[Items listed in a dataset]
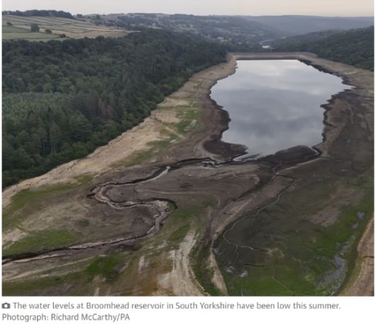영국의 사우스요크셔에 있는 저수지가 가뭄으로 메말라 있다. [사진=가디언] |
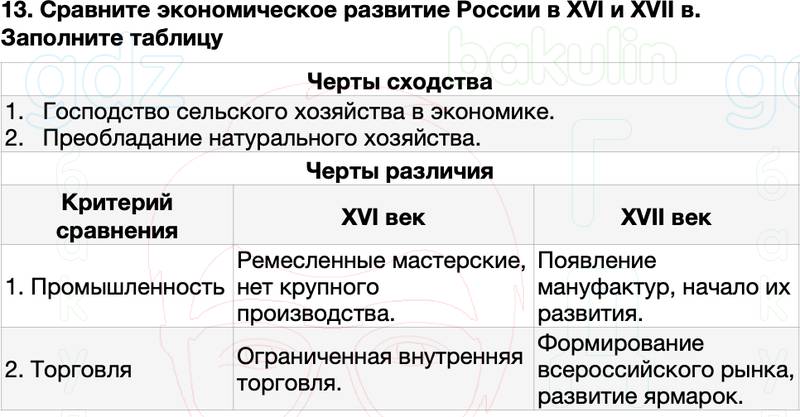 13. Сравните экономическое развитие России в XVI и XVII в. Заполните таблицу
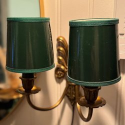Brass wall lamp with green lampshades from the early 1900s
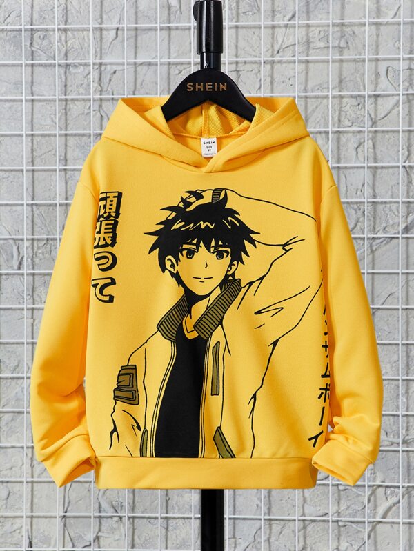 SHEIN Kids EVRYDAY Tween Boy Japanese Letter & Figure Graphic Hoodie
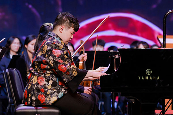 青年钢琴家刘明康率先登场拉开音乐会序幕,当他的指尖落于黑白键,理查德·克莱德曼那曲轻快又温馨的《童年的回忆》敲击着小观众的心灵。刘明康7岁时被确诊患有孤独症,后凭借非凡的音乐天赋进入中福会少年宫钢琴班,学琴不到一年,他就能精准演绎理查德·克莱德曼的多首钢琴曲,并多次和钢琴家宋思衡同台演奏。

Work required:
Without the pictures, copy all of the entries exactly as they appear.

Response to this exercise:
영국의 사우스요크셔에 있는 저수지가 가뭄으로 메말라 있다. [사진=가디언] |
 13. Сравните экономическое развитие России в XVI и XVII в. Заполните таблицу
Brass wall lamp with green lampshades from the early 1900s
 SHEIN Kids EVRYDAY Tween Boy Japanese Letter & Figure Graphic Hoodie
 青年钢琴家刘明康率先登场拉开音乐会序幕,当他的指尖落于黑白键,理查德·克莱德曼那曲轻快又温馨的《童年的回忆》敲击着小观众的心灵。刘明康7岁时被确诊患有孤独症,后凭借非凡的音乐天赋进入中福会少年宫钢琴班,学琴不到一年,他就能精准演绎理查德·克莱德曼的多首钢琴曲,并多次和钢琴家宋思衡同台演奏。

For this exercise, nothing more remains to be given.